Bruce Billson: Equity crowdfunding framework will be on the table by spring


The federal government has put a timeline on its new legislative framework for equity crowdfunding, which will make it easier for small businesses and startups to raise capital through online crowdfunding platforms.


The proposed legislation will allow SMEs and startups to raise capital by offering equity to a large number of small-scale retail investors through platforms such as VentureCrowd and Equitise.


Currently, crowdsourced equity funding is only available to wholesale investors with more than $2.5 million in investable assets or annual earnings of around $250,000.


Small Business Minister Bruce Billson told SmartCompany he hopes to introduce legislation to allow retail investors to buy equity in private businesses during the spring session of Parliament.


“This is an important opportunity for small businesses, startups and those businesses going through an anticipated period of growth to access finance,” says Billson.


Billson says since the global financial crisis, consolidation in the bank and finance space had made it increasingly difficult for some businesses to get financing through traditional lenders.


“This is an important alternative source of funding that will sit alongside traditional funding models,” he says.

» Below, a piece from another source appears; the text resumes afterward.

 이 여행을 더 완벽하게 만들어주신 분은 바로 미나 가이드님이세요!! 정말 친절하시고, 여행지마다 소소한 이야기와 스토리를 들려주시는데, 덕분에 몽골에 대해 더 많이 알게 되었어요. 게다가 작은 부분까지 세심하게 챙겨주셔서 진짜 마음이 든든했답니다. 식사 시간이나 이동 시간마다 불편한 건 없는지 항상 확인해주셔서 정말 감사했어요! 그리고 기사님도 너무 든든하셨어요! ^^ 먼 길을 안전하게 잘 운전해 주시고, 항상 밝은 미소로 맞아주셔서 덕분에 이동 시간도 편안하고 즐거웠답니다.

“We want to make available to Australian entrepreneurs and business leaders a wider range of affordable and accessible finance to support their enterprises and the Australian economy.”

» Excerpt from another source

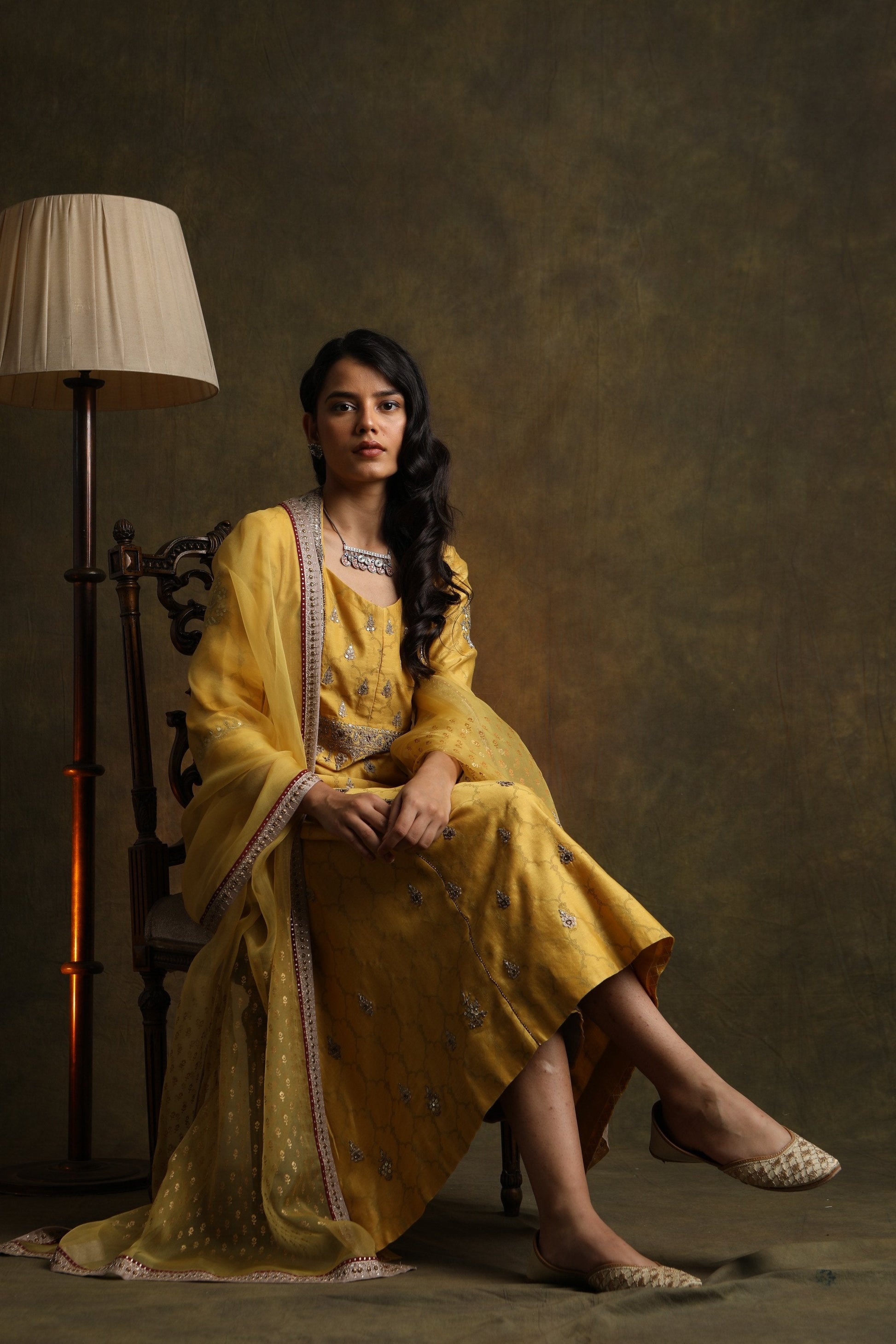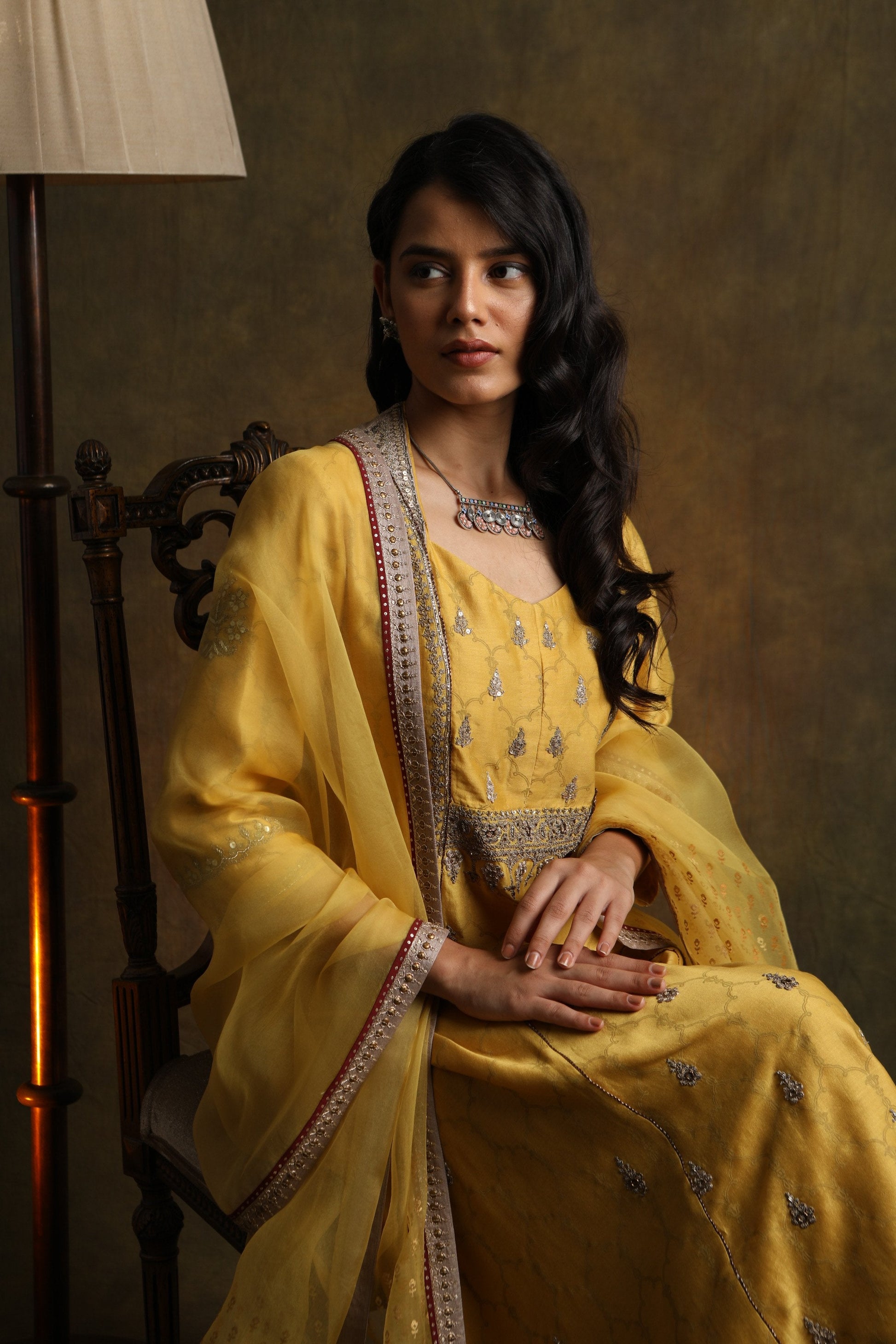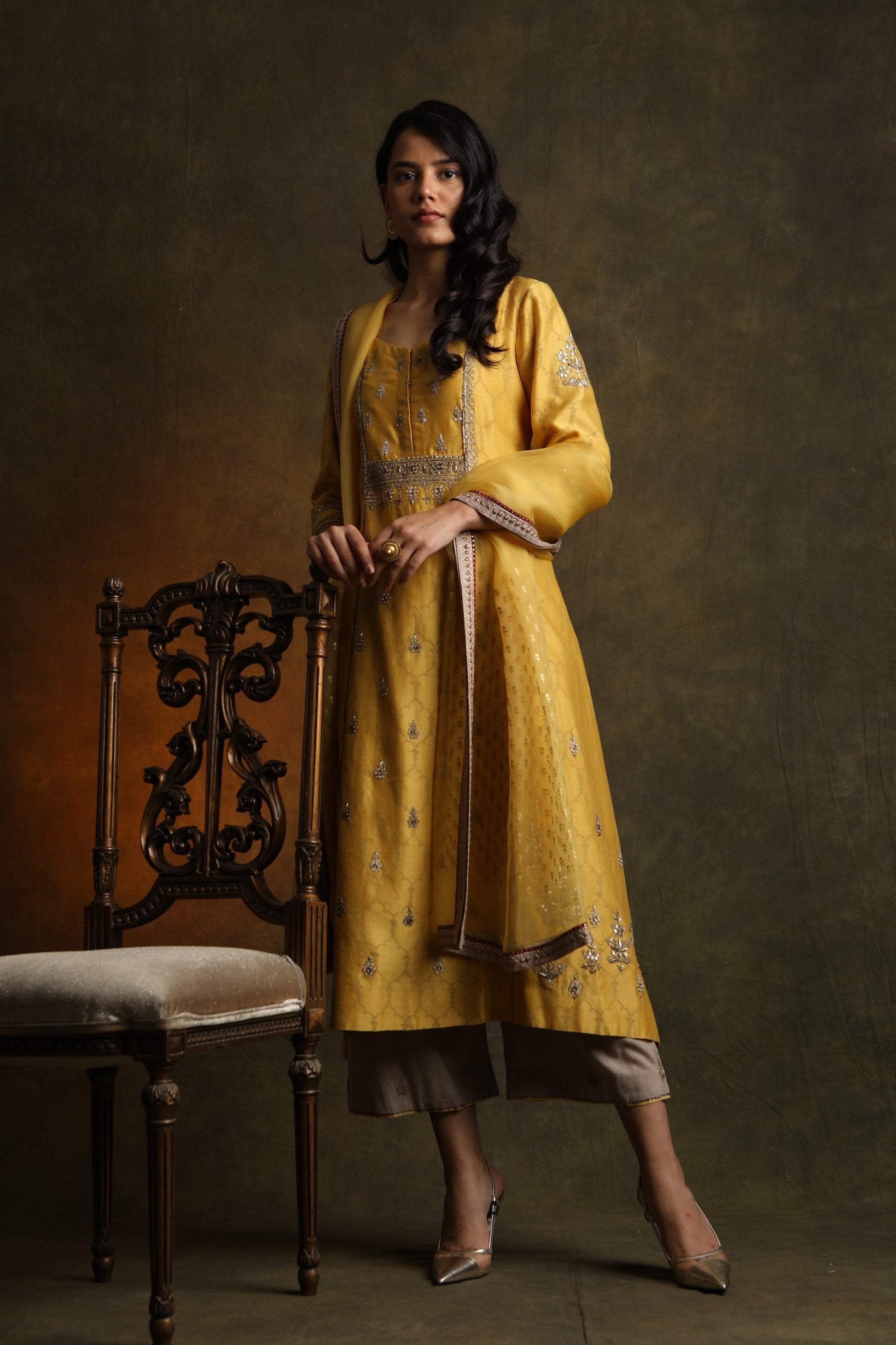 Rich & Elegant Floral Motifs Embroidered & Printed Mustard Chanderi Kurta Comes Along With Embroidered Toosh Cotton Palazzo & Beautifully Printed Matching Organza Dupatta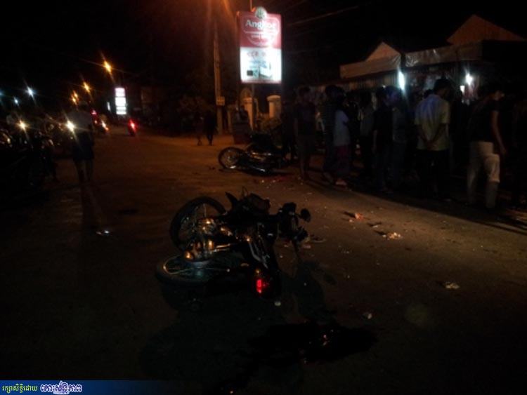 ខេត្តស្ទឹងត្រែង ៖ យុវជន៣នាក់បានរងរបួសខណៈបើកម៉ូតូជ្រុលបុកពេញទំហឹងនៅវេលាម៉ោង៦និង១៦នាទីល្ងាចថ្ងៃទី៤ មេសា ស្ថិតក្នុងភូមិលើ សង្កាត់ស្រះឫស្សី ក្រុងស្ទឹងត្រែង ទល់មុខហាងលក់គោដុតរស្មីពេជ្រ ។សាក្សីនិយាយថា ម៉ូតូឌ្រីមសេ១២៥ ស៊េរី២០១២ ពណ៌ខ្មៅ អត់ស្លាកលេខ ជិះគ្នា២នាក់មកទិញសាច់គោដុត បន្ទាប់ពីទិញរួចបានជិះម៉ូតូបត់ត្រឡប់ក្រោយក្នុងល្បឿនលឿន ក៏ជ្រុលទៅបុកម៉ូតូវ៉េវពណ៌ក្រហម ពាក់ស្លាកលេខស្ទឹងត្រែង 1A-3921 ជិះម្នាក់ឯងក្នុងគោលដៅពីកើតទៅលិចបញ្ច្រាសទិសគ្នាពេញទំហឹង បណ្តាលឱ្យយុវជនទាំង៣នាក់ដេកដួលក្នុងសភាពធ្ងន់ធ្ងររៀងខ្លួន រថយន្តសង្គ្រោះដឹកទៅមន្ទីរពេទ្យ ។

Billson yesterday hosted a roundtable in Sydney with industry stakeholders, including Financial Services Council chief economist James Bond and Equitise co-founder Chris Gilbert, to address recommendations previously made by the Corporations and Markets Advisory Committee (CAMAC).


CAMAC recommended Australia introduce legislation allowing retail investors to invest up to $10,000 a year via equity crowdfunding, across at least four enterprises, and allow companies to raise up to $2 million per year on such platforms.

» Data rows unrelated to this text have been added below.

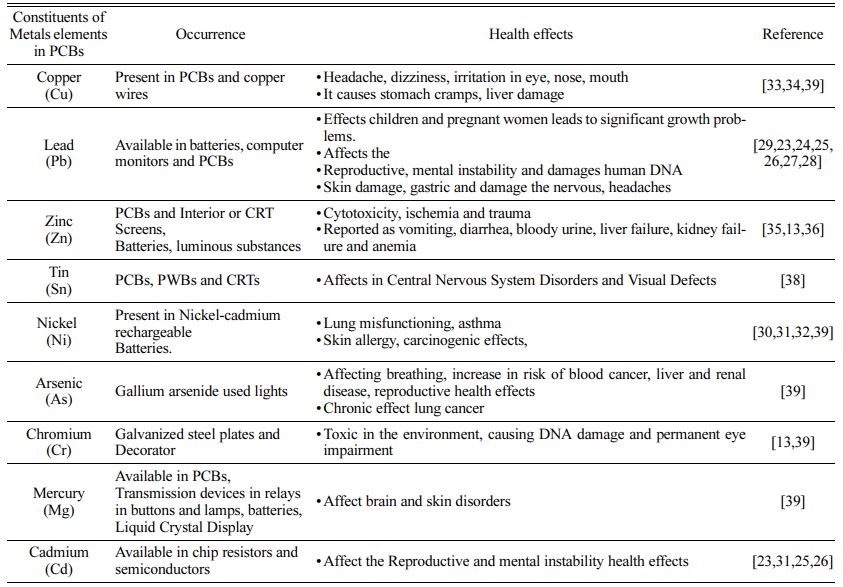 Table 2 Hazardous toxic metals present in printed circuit boards and their Health effects |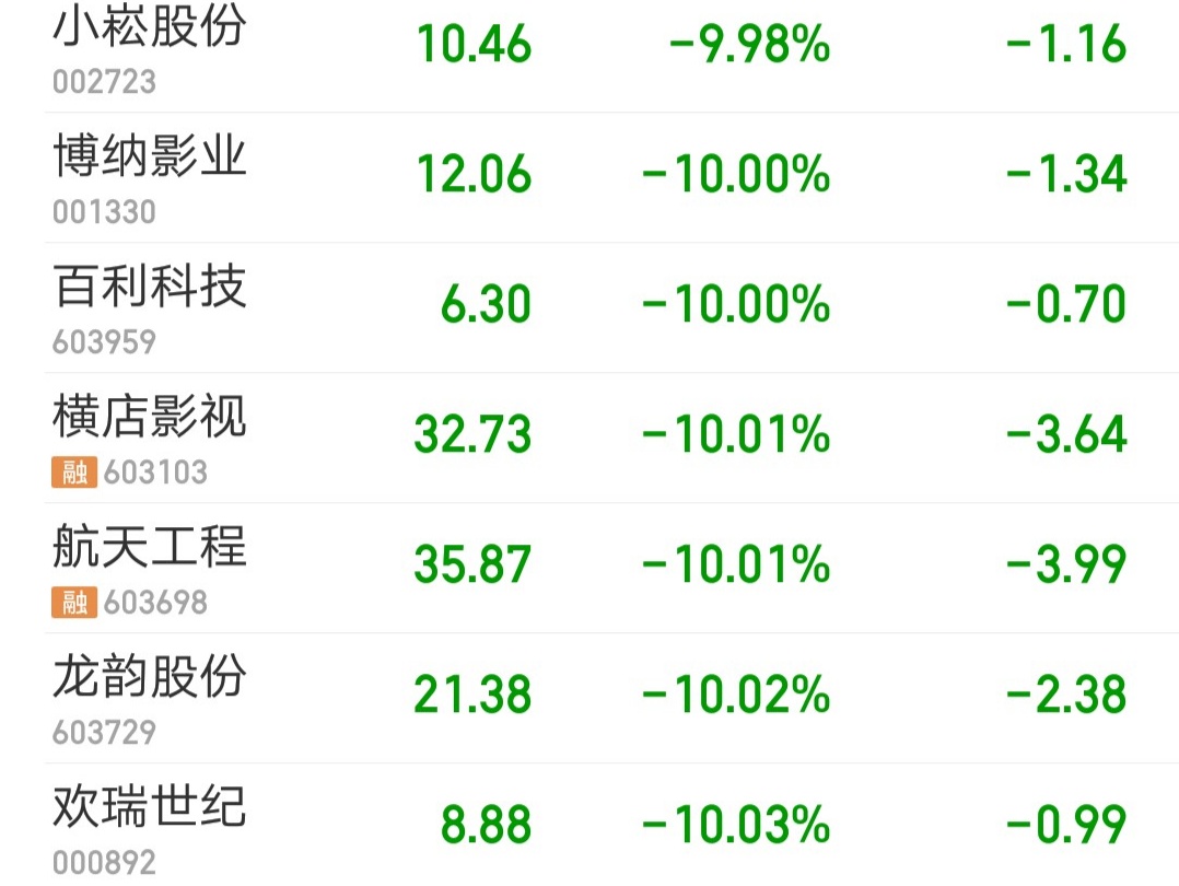 此外,今日跌停股还有:小松股份 -9.98%,博纳影业 -10.00%,百利科技 -10.00%,横店影视 -10.01%,航天工程 -10.01%,龙韵股份 -10.02%,欢瑞世纪 -10.03%。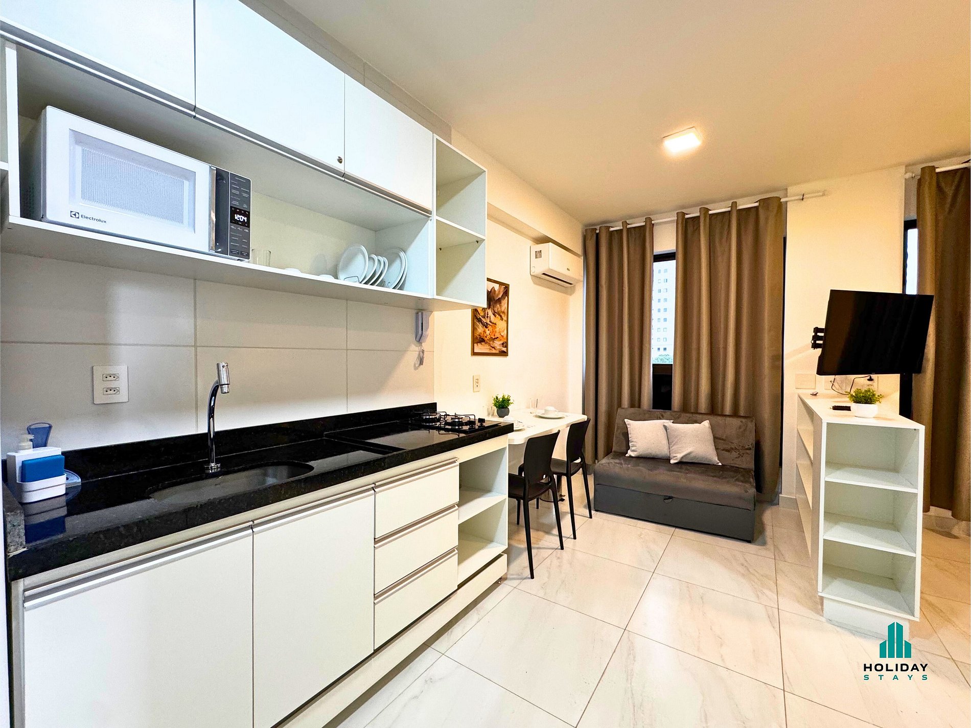 Desfrute de conforto e praticidade neste apartamento completo. Cozinha está equipada com todos os utensílios para preparar suas refeições. A sala aconchegante conta com sofá-cama, cama de casal e mesa para refeições. O banheiro possui chuveiro com água quente. Internet Wi-Fi e disponível para trabalho ou lazer. Ideal para viagens a dois, famílias pequenas ou estadias de negócios.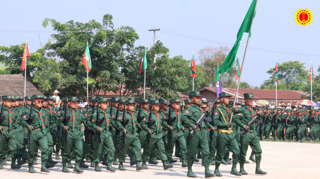 ဌာနချုပ်တွင် ကွန်မန်ဒို နှင့် တပ်သားစစ်သည်တော်များက စစ်ရေးပြသပြီး SSPP/SSA နာယက ဗိုလ်ချုပ်ကြီး ဆေထဲန် က အဖွင့်မှာစကား မိန့်ခွန်းပြောကြားသည်။

Billson says yesterday’s discussions canvassed the potential elements of a “sure footed” crowd-sourced equity funding model, as well as the role and remuneration of intermediaries in crowdfunding; how to consider secondary markets; and the need to keep a lid on compliance and regulatory costs so they are not disproportionate to the funds raised.


The roundtable also discussed whether there was a need to create a distinctive entity structure for crowdfunded enterprises or whether fine-tuning existing company law would be good starting point to legislation.


Billson says a second roundtable will be held with the Melbourne startup community in coming weeks.


“I was really encouraged by the vigour and willingness and expertise shared yesterday,” says Billson.


“We are now trying to tease out the details of work best for businesses and for the economy,” he added.